## EXERCISE DATA
------------

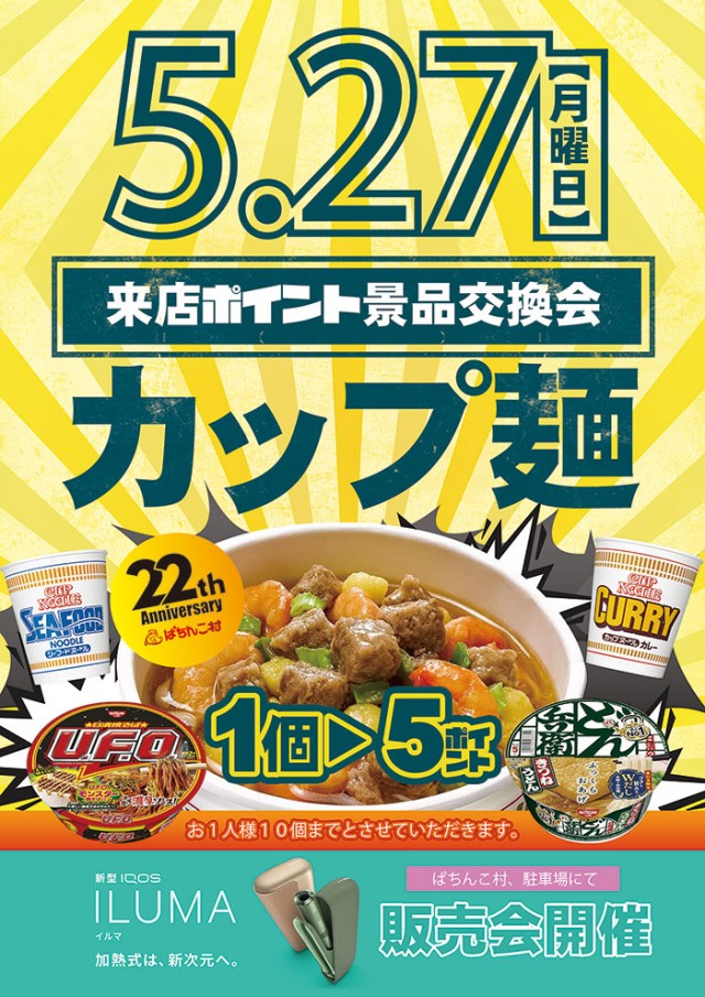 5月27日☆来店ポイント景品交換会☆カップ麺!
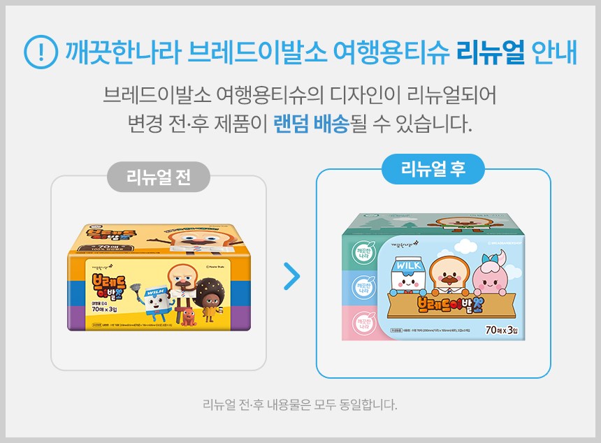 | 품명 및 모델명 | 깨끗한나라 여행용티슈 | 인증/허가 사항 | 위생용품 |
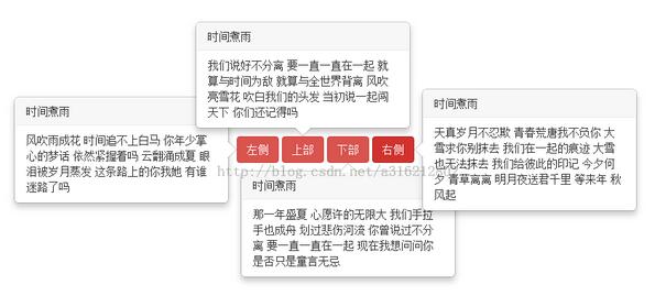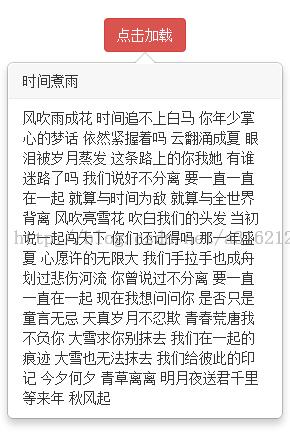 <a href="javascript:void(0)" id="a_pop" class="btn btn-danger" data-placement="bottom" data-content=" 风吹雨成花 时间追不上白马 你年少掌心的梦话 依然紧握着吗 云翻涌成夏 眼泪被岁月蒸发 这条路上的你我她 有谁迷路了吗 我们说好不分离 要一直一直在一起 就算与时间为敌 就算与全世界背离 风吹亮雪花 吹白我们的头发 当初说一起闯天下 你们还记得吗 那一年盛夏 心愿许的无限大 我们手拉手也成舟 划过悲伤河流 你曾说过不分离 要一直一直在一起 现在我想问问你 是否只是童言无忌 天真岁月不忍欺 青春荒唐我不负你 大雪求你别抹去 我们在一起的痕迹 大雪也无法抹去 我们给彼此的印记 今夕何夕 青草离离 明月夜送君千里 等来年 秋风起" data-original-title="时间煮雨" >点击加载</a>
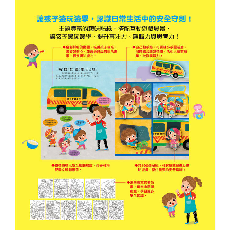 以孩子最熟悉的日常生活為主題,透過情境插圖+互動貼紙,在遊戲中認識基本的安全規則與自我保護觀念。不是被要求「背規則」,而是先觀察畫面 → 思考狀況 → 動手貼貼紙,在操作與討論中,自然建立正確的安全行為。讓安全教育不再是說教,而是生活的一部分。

------------

## TRY IT
In your copy of the data above, leave out the pictures and repeat everything else exactly.

## ANSWER BELOW
 5月27日☆来店ポイント景品交換会☆カップ麺!
 | 품명 및 모델명 | 깨끗한나라 여행용티슈 | 인증/허가 사항 | 위생용품 |
 <a href="javascript:void(0)" id="a_pop" class="btn btn-danger" data-placement="bottom" data-content=" 风吹雨成花 时间追不上白马 你年少掌心的梦话 依然紧握着吗 云翻涌成夏 眼泪被岁月蒸发 这条路上的你我她 有谁迷路了吗 我们说好不分离 要一直一直在一起 就算与时间为敌 就算与全世界背离 风吹亮雪花 吹白我们的头发 当初说一起闯天下 你们还记得吗 那一年盛夏 心愿许的无限大 我们手拉手也成舟 划过悲伤河流 你曾说过不分离 要一直一直在一起 现在我想问问你 是否只是童言无忌 天真岁月不忍欺 青春荒唐我不负你 大雪求你别抹去 我们在一起的痕迹 大雪也无法抹去 我们给彼此的印记 今夕何夕 青草离离 明月夜送君千里 等来年 秋风起" data-original-title="时间煮雨" >点击加载</a>
 以孩子最熟悉的日常生活為主題,透過情境插圖+互動貼紙,在遊戲中認識基本的安全規則與自我保護觀念。不是被要求「背規則」,而是先觀察畫面 → 思考狀況 → 動手貼貼紙,在操作與討論中,自然建立正確的安全行為。讓安全教育不再是說教,而是生活的一部分。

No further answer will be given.